**Task to carry out**: Print, exactly as written, the line in the entries below that contains "The Global Innovation" and every line after it up to and including the last. Omit pictures.

**Extracted information**:

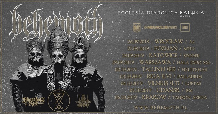 Choć Behemoth większość koncertów gra poza Polską, swego rodzaju tradycją stało się, że jesienią lub wczesną zimą zespół prezentuje swoją imponującą produkcję polskim fanom. Nie inaczej będzie w 2019 roku. Wtedy właśnie odbędzie się trasa kapeli, która obejmie sześć koncertów w dużych miastach, w doborowym zestawie. Niewykluczone, że w setliście znajdzie się „Chant for Eschaton 2000” z płyty „Satanica”, utwór, który serwis Loudwire zaliczył do 50 metalowych utworów, jakie zdefiniowały rok 1999. Przygotujcie się na niezapomniane przeżycie.
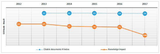 The Global Innovation Index [15] Brazilian ranking for citable documents H index and knowledge impact, from 2012 to 2017.
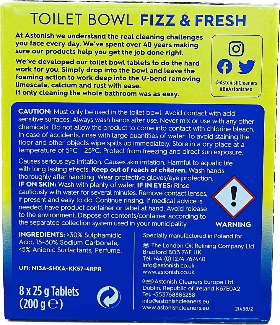 Astonish Fizz&Fresh Lemon Splash to tabletki do czyszczenia muszli klozetowej.
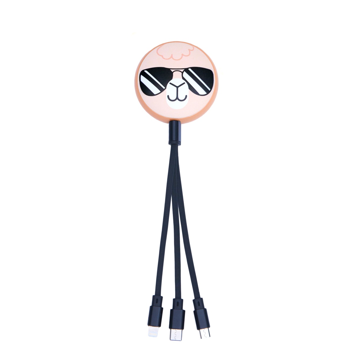 Kabel „Zwierzątka 3 w 1” to zwijany kabel wyposażony w 3 złącza: Lightning, Type-C i Micro-USB. Słodki wygląd połączony z funkcjonalnością.
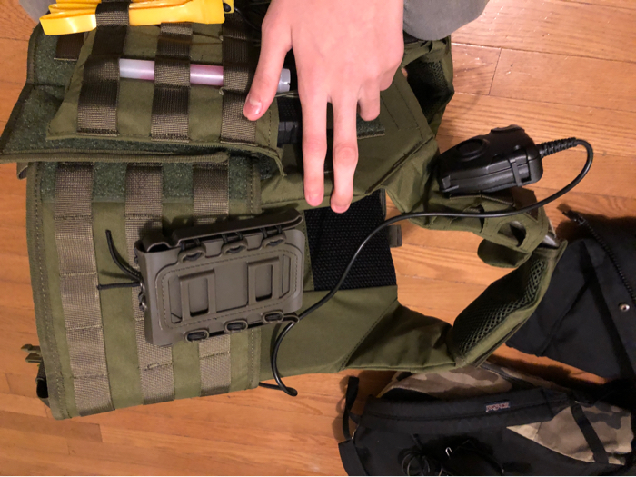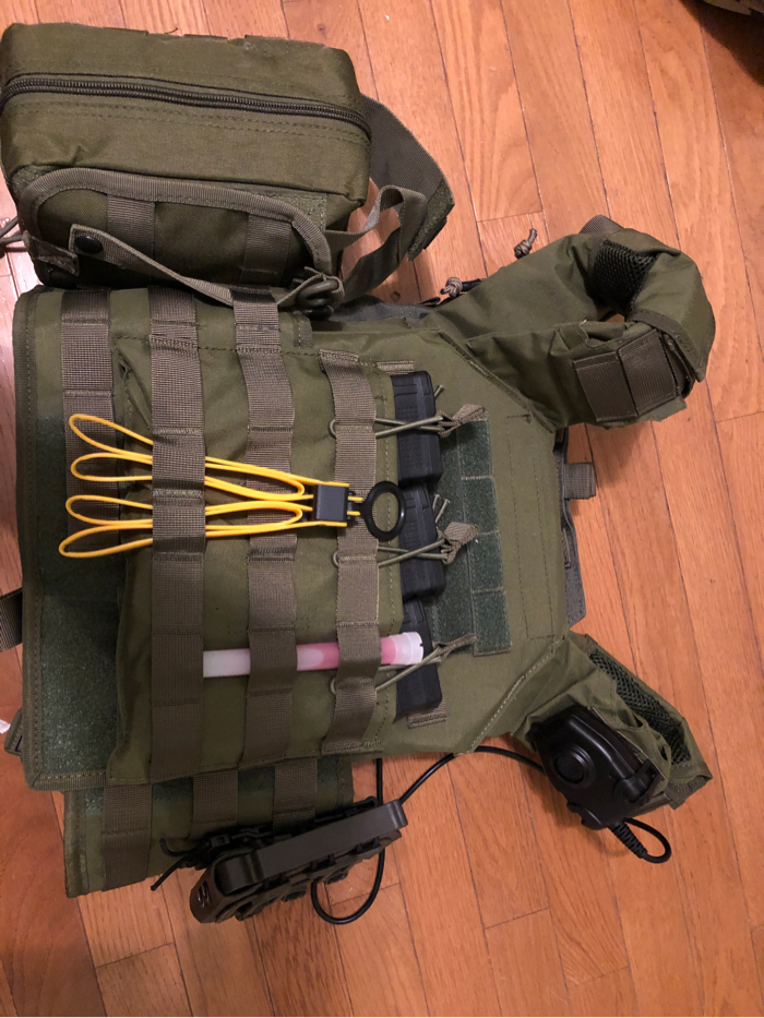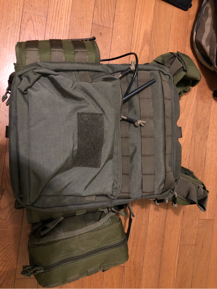 Od green plate carrier setup and helmet. Comes with a ptt, ifak full of medical items, glowsticks, cobra cuffs, backpack, helmet, face covering, and a baofeng radio.(Does not come with m4 mags) The plate carrier was never fielded and was only worn probably like 3 times for about 5 seconds. 200 and you pay shipping.

**Solution to this exercise**:
 The Global Innovation Index [15] Brazilian ranking for citable documents H index and knowledge impact, from 2012 to 2017.
 Astonish Fizz&Fresh Lemon Splash to tabletki do czyszczenia muszli klozetowej.
 Kabel „Zwierzątka 3 w 1” to zwijany kabel wyposażony w 3 złącza: Lightning, Type-C i Micro-USB. Słodki wygląd połączony z funkcjonalnością.
 Od green plate carrier setup and helmet. Comes with a ptt, ifak full of medical items, glowsticks, cobra cuffs, backpack, helmet, face covering, and a baofeng radio.(Does not come with m4 mags) The plate carrier was never fielded and was only worn probably like 3 times for about 5 seconds. 200 and you pay shipping.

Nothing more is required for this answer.